Bryce was sent to Eton College where he resumed his friendship with Fleming. Here the friendship flourished.

During the War

During the Second World War Bryce worked for William Stephenson, the head of British Security Coordination(BSC), a unit that was based in New York City. This group also included Roald Dahl, David Ogilvy and Ian Fleming and were colloquially known as ‘The Irregulars‘ after Arthur Conan Doyle’s Baker Street Irregulars.

Nicholas J. Cull, the author of Selling War: The British Propaganda Campaign Against American Neutrality (1996), wrote:

“During the summer of 1941, he (Bryce) became eager to awaken the United States to the Nazi threat in South America.”

Bryce recalls in his autobiography, You Only Live Once (1975):

sudameriqa“Sketching out trial maps of the possible changes, on my blotter, I came up with one showing the probable reallocation of territories that would appeal to Berlin. It was very convincing: the more I studied it the more sense it made… were a genuine German map of this kind to be discovered and publicised among… the American Firsters, what a commotion would be caused.”

William Stephenson approved the idea and the project was handed over to Station M, the phony document factory in Toronto run by Eric Maschwitz, of the Special Operations Executive (SOE). It took them only 48 hours to produce “a map, slightly travel-stained with use, but on which the Reich’s chief map makers… would be prepared to swear was made by them.” Stephenson now arranged for the FBI to find the map during a raid on a German safe-house on the south coast of Cuba. J. Edgar Hoover handed the map over to William Donovan. His executive assistant, James R. Murphy, delivered the map to President Franklin D. Roosevelt. The historian, Thomas E. Mahl argues that “as a result of this document Congress dismantled the last of the neutrality legislation.”

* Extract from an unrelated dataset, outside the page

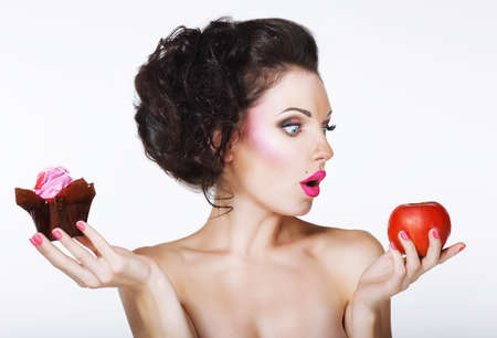 Diet. Dieting concept. Healthy useful food. Beautiful young women choosing between fruits and unhelathy cake at studio. Human emotions and comparison concepts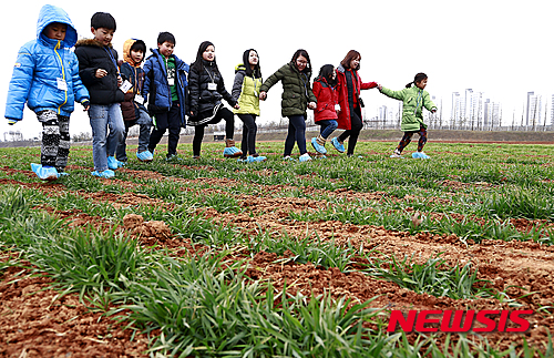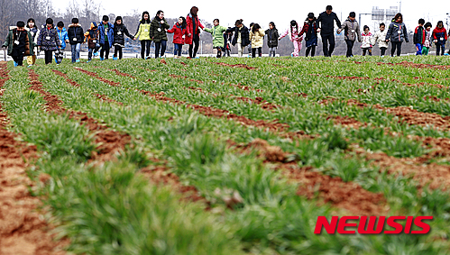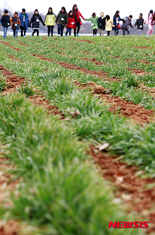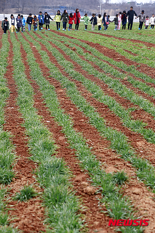 雪が溶けて雨や水になるという二十四節気の一つ「雨水」だった19日午後、全羅北道完州郡の農村振興庁国立食糧科学院にある麦畑では、遠足に来た子どもたちが麦の成長を促す麦踏みをした。

Bryce was based in Jamaica (his wife Sheila, owned Bellevue, one of the most important houses on the island), during the Second World War, where he ran dangerous missions into Latin America. Ian Fleming, who was personal assistant to Admiral John Godfrey, the director of naval intelligence, visited Bryce in 1941.

Fleming told him that:

“When we have won this blasted war, I am going to live in Jamaica. Just live in Jamaica and lap it up, and swim in the sea and write books.”

After the War

In 1945 Bryce helped Fleming find a house and twelve acres of land just outside of Oracabessa. It included a strip of white sand on a lovely part of the coast. Fleming decided to call the house, Goldeneye, after his wartime project in Spain, Operation Goldeneye. Their former boss, William Stephenson, also had a house on the island overlooking Montego Bay.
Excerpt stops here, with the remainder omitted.